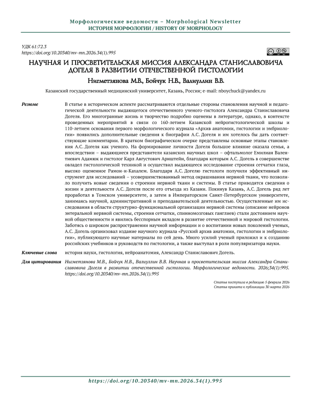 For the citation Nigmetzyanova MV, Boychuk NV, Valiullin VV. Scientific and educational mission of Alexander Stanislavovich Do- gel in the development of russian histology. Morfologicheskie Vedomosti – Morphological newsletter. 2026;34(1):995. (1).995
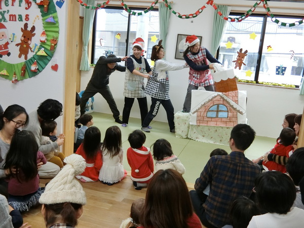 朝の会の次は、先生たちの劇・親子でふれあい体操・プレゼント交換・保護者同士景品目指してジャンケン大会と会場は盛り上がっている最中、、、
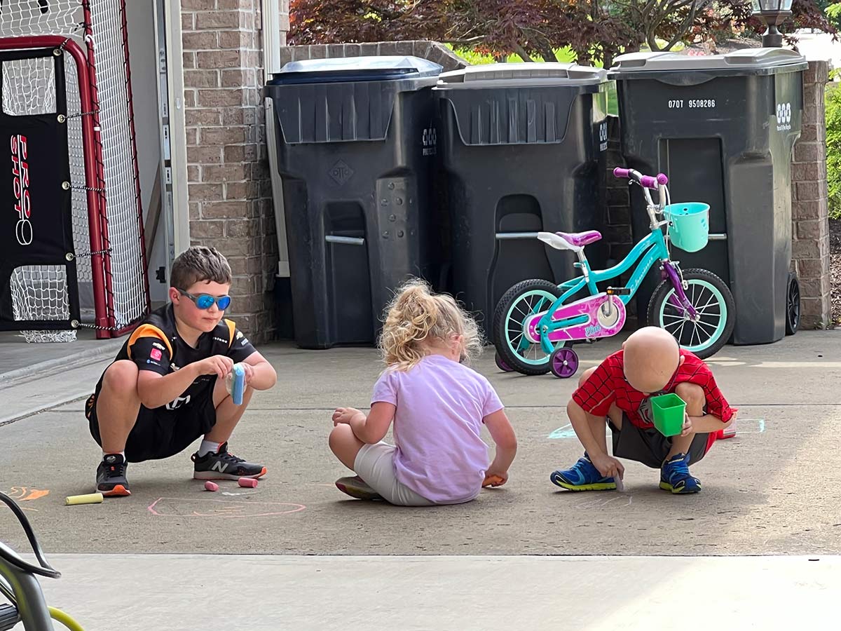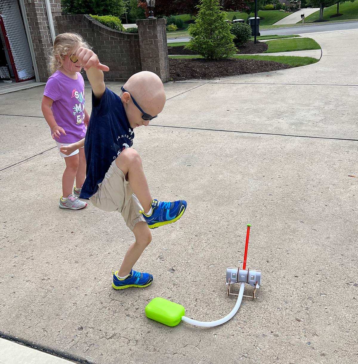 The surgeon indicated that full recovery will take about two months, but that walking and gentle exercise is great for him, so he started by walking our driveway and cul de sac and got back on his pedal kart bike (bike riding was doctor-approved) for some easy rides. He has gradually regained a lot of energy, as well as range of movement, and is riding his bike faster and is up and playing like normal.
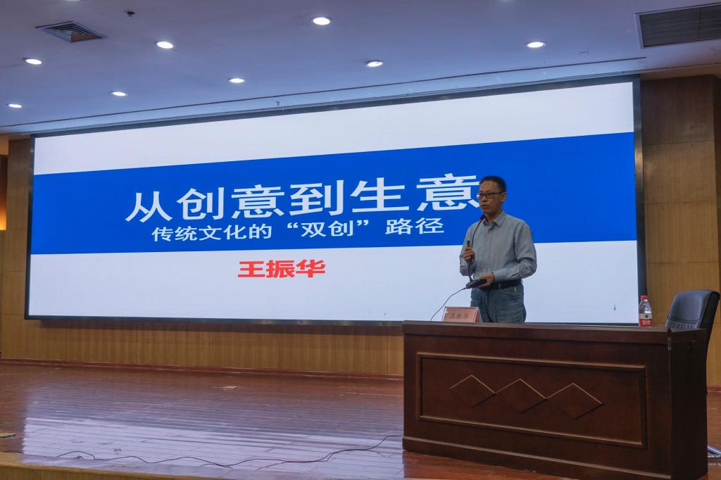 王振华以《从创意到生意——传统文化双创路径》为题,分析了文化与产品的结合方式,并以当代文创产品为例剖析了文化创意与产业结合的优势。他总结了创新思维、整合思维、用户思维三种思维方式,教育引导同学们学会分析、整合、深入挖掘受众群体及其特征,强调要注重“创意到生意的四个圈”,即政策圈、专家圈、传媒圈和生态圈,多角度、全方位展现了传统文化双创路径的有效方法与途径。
◇ ◇ ◇ ◇ ◇ ◇ ◇
Action item:
Every line above is to be duplicated exactly; no picture should be carried over.

Task solution:
 For the citation Nigmetzyanova MV, Boychuk NV, Valiullin VV. Scientific and educational mission of Alexander Stanislavovich Do- gel in the development of russian histology. Morfologicheskie Vedomosti – Morphological newsletter. 2026;34(1):995. (1).995
 朝の会の次は、先生たちの劇・親子でふれあい体操・プレゼント交換・保護者同士景品目指してジャンケン大会と会場は盛り上がっている最中、、、
 The surgeon indicated that full recovery will take about two months, but that walking and gentle exercise is great for him, so he started by walking our driveway and cul de sac and got back on his pedal kart bike (bike riding was doctor-approved) for some easy rides. He has gradually regained a lot of energy, as well as range of movement, and is riding his bike faster and is up and playing like normal.
 王振华以《从创意到生意——传统文化双创路径》为题,分析了文化与产品的结合方式,并以当代文创产品为例剖析了文化创意与产业结合的优势。他总结了创新思维、整合思维、用户思维三种思维方式,教育引导同学们学会分析、整合、深入挖掘受众群体及其特征,强调要注重“创意到生意的四个圈”,即政策圈、专家圈、传媒圈和生态圈,多角度、全方位展现了传统文化双创路径的有效方法与途径。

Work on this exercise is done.